(PROVIDED MATERIAL)

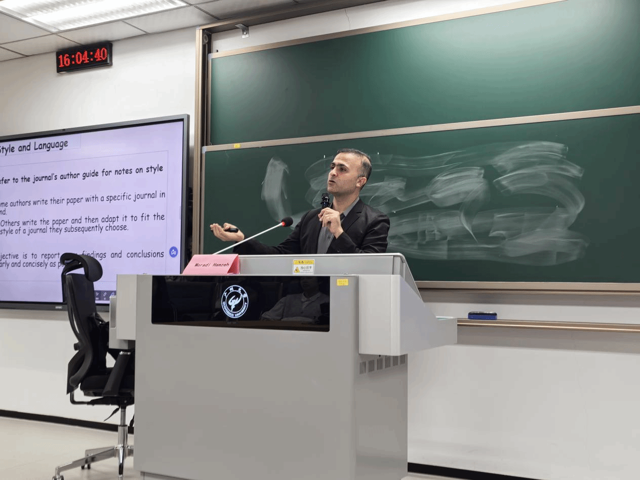 10月23日下午,学生第二党支部“灯塔菁英 照我远航”聚焦高质量学术成果系列活动在大学城校区文渊楼204顺利举行。本次活动邀请特聘教授Moradi Hamzeh(汉斯)博士担任主讲,以“Navigating the Path to Publication: Essentials of Research Writing”《学术发表指南:研究论文写作要领》为题,为同学们带来了一场内容丰富、视角前沿的学术写作指导讲座。
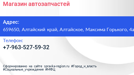 Магазин автозапчастей по адресу 659650, Алтайский край, Алтайское, Максима Горького, 4а в дальнейшем Организация, размещена в следующих категориях:
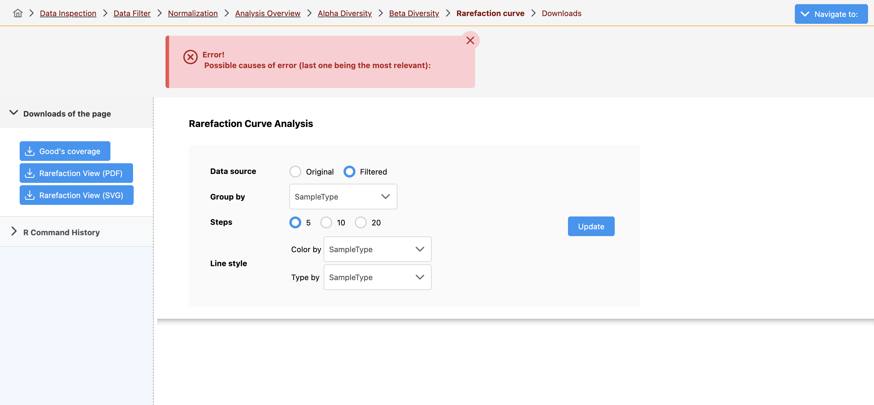 We are also experiencing the same issue with beta diversity and sometimes with taxa barplots. We are also seeing issues with LEfSe where a message pop ups stating no significant features were identified, however a dot plot appears.
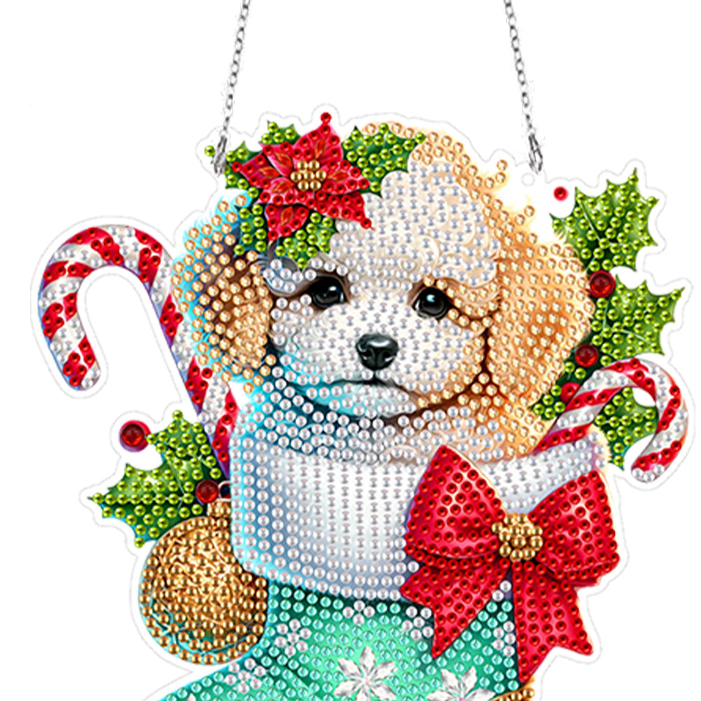 Acrylic Special Shaped Christmas Stocking Bichon Frise Hanging Diamond Kit Decor
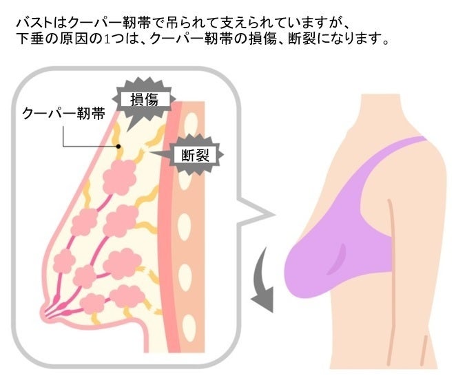 2つ目にも記載しましたが、バストは乳腺1割と脂肪9割で形成されています 。この乳腺に刺激を与えてあげると、乳腺を守るために脂肪が乳腺の周りに集まります。乳腺を刺激するためにご自身で胸をマッサージをすれば、脂肪が集まり、バストアップにつながります。またバストの皮下組織には、クーパー靭帯があります。クーパー靭帯とは、肋骨・大胸筋・乳房・皮膚をつなげて支えている結合組織で、コラーゲンが主成分で、脇に乳腺や脂肪が流れないようにする役割を持っています。この靭帯は、少し伸びただけなら修復も可能な場合もありますが、一度切れてしまった場合は、もう戻りません。ですので、普段の生活では自分にあった下着を着けることはとても大事ですし、運動時には、しっかりバストをサポートしてくれるスポーツブラは必ずつけて、クーパー靭帯を保護してほしいです。
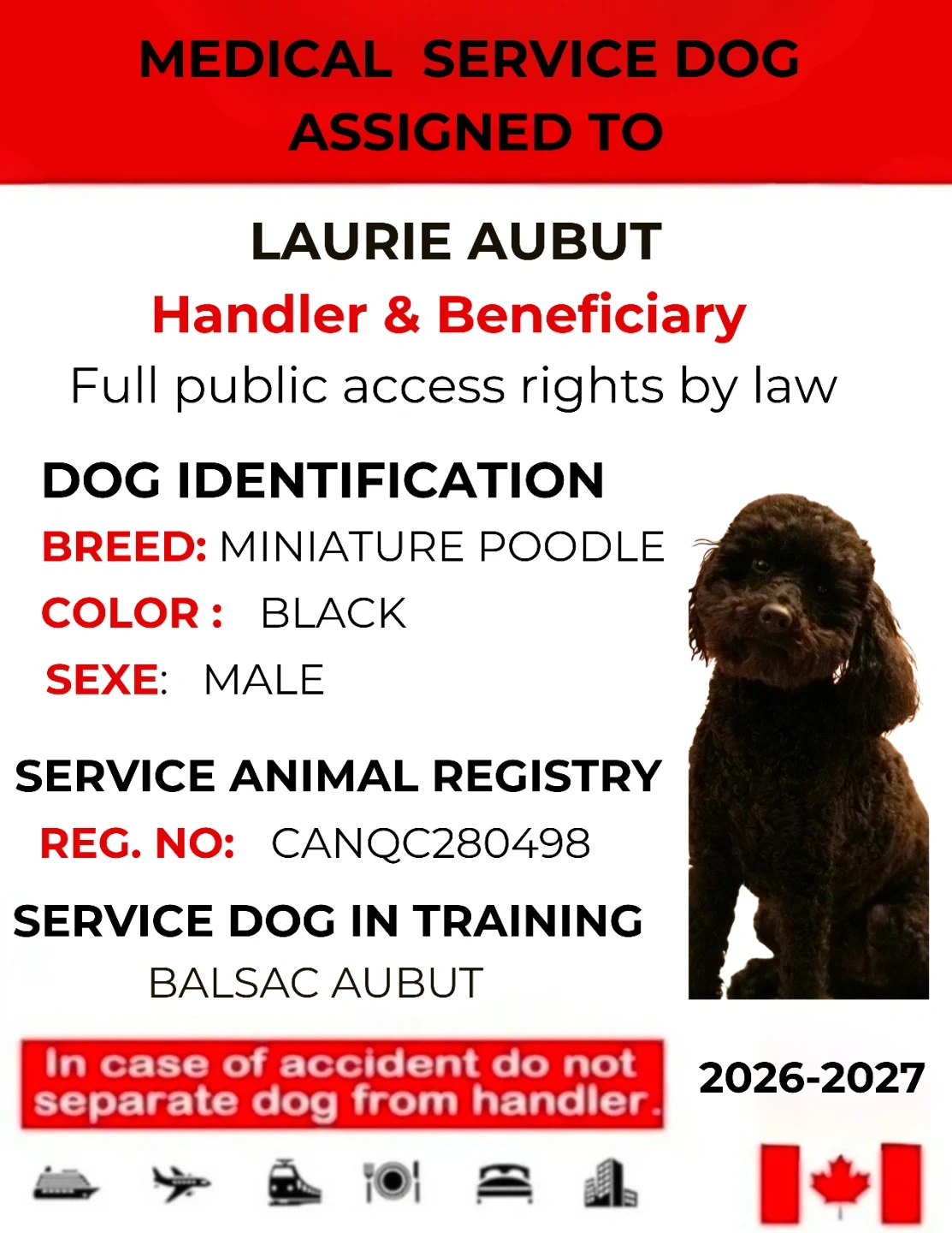 Carte d'identité pour chien d'assistance médicale. Indique le nom du chien, la race (Caniche miniature), le sexe (mâle), le numéro d'enregistrement et le nom du gestionnaire. Autorisation d'accès public incluse par la loi.
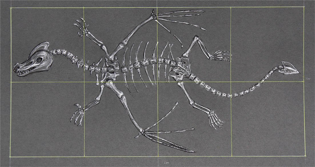 In chalk and charcoal on grey card. 60cm x 30cm with 15cm squares shown
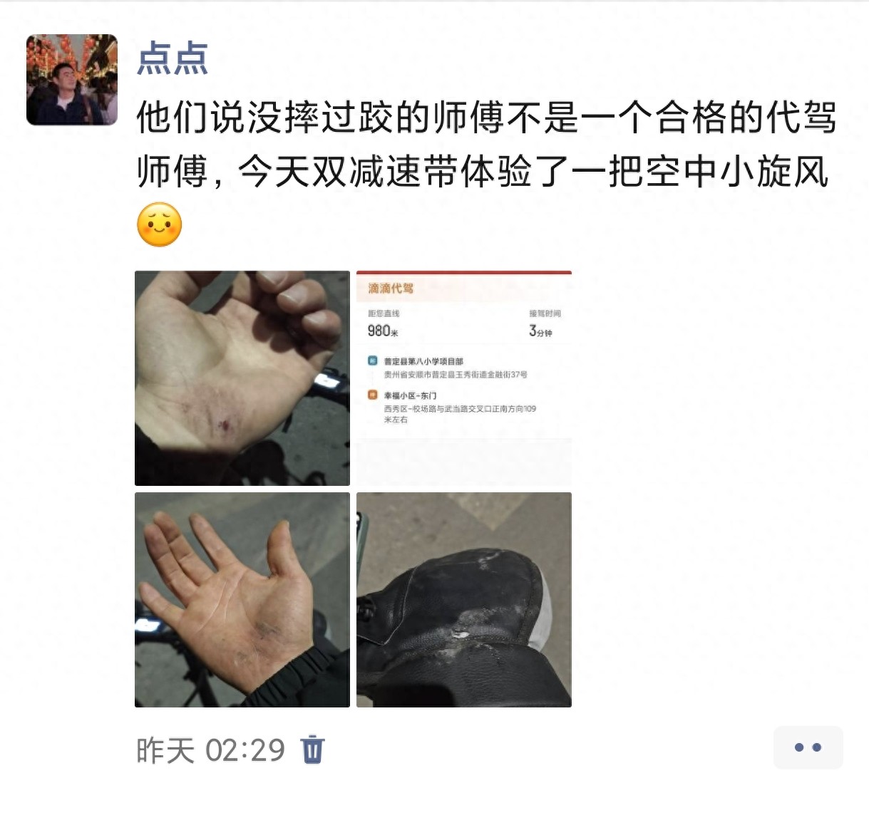 昨天我终于摔跤了,给朋友发了三张受伤的照片,朋友调侃道,你终于是个合格的代驾师傅了,我不知道回复什么,只能暗自苦笑。

(End PROVIDED MATERIAL)

Only lines go in the copy, not pictures. Transcribe exactly from the start of the listing through the line containing "We are also experiencing".

 10月23日下午,学生第二党支部“灯塔菁英 照我远航”聚焦高质量学术成果系列活动在大学城校区文渊楼204顺利举行。本次活动邀请特聘教授Moradi Hamzeh(汉斯)博士担任主讲,以“Navigating the Path to Publication: Essentials of Research Writing”《学术发表指南:研究论文写作要领》为题,为同学们带来了一场内容丰富、视角前沿的学术写作指导讲座。
 Магазин автозапчастей по адресу 659650, Алтайский край, Алтайское, Максима Горького, 4а в дальнейшем Организация, размещена в следующих категориях:
 We are also experiencing the same issue with beta diversity and sometimes with taxa barplots. We are also seeing issues with LEfSe where a message pop ups stating no significant features were identified, however a dot plot appears.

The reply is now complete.